It’s something to have dreams, lofty goals to carry to fruition. Plans to make and places to see, the sought after, unseen thoughts that drive the human condition. I can’t help but thrive on dreams, on plans, on going toward the next thing. There is so much to learn, so many beautiful places to see in the world. There are far away lands that I want to explore, items to check off on my ‘someday let’s do this…’ list. Through the work of my parents as a child and now my husband as an adult, I have been to a few of those places, seen some of those things. Been a traveler on distant shores, climbed mountains with the ones I loved best. Stepped foot in West Coast waters, and seen a small piece of the beauty of this world. And with all of those things, each of those places, all that time taken, the effort made, it is this one unheralded place that spurs my mind to its best place. It’s enough. This humble little spot in a tiny little town on the outreach of Cape Cod. It’s there that I can think worthwhile thoughts, slow down enough to breathe. It’s there we make time to see the stars, so profound in their clarity that they demand attention.
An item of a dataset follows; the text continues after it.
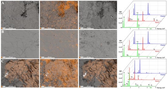All the lithotypes were observed through an electronic microscope to identify four areas of 1 mm2 on the stone samples. EDS microanalyses were performed on each of them before the deposition of rust suspension (reference), after the staining, and after the treatment with CS-Ox. For each lithotype, Figure 3 shows the SEM images, with iron highlighted in orange, of the reference, stained, and treated areas and the 3D comparison between the corresponding EDS spectra.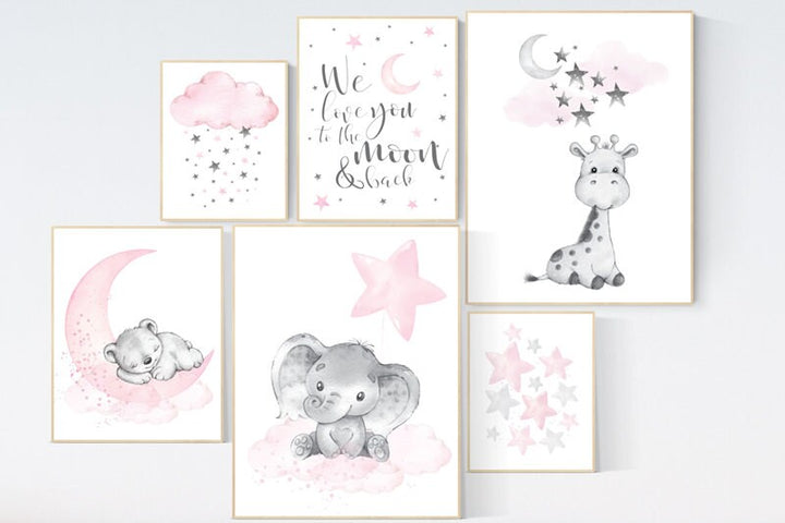 Nursery decor girl pink and gray, pink grey nursery, moon and star, girl nursery wall art, nursery prints gir, elephant nursery wall decor

It was there that years ago, my parents and sisters and I made our best memories, where we found the ability to only concentrate on each other when our time was not our own as we grew up. It’s there that Paul and I have learned and loved and felt loss and hope. It’s where we still want to be when perspective is needed. It’s where we’ve longed to be when things were beyond our control. It’s where we have come to realize that life is short, and it is good. It’s a town that’s not very famous or fancy, not on every ‘must-see’ list in sought-after travel magazines. But it’s enough. And though it’s really not, it does feel like home to us.
This past week we went back there. The whole Ryan family. Like we did as kids, piling up in vehicles and rolling down windows. 23 people, laughing and playing in the sand, walking on its shore. Instead of 5 little girls skipping through its waters, we watched our children finding the joy we discovered at their age. Eleven children who seem to love that place as much as their grandparents who started this tradition. And with all the prior planning, all the sentimental thoughts, and high expectations, it was even better than we could have hoped for.
It was almost time to leave for home when I turned to my sister and wondered why I always think that we need to see Ireland again, or travel to France or Tuscany or Rome. Why I long to see and smell the lavender fields of Provence. Why I can’t wait to see Paul roaming the culinary streets of Italy, intent on every bite. Why I (sometimes anxiously) dream of the far-off, the someday, the ‘let’s do this sometime…” While that may be a good thing, there’s value in truly appreciating this moment. The here and now. Maybe we will get to those places someday. Maybe not. But for now, this is enough. More than enough, for that matter. It’s just right.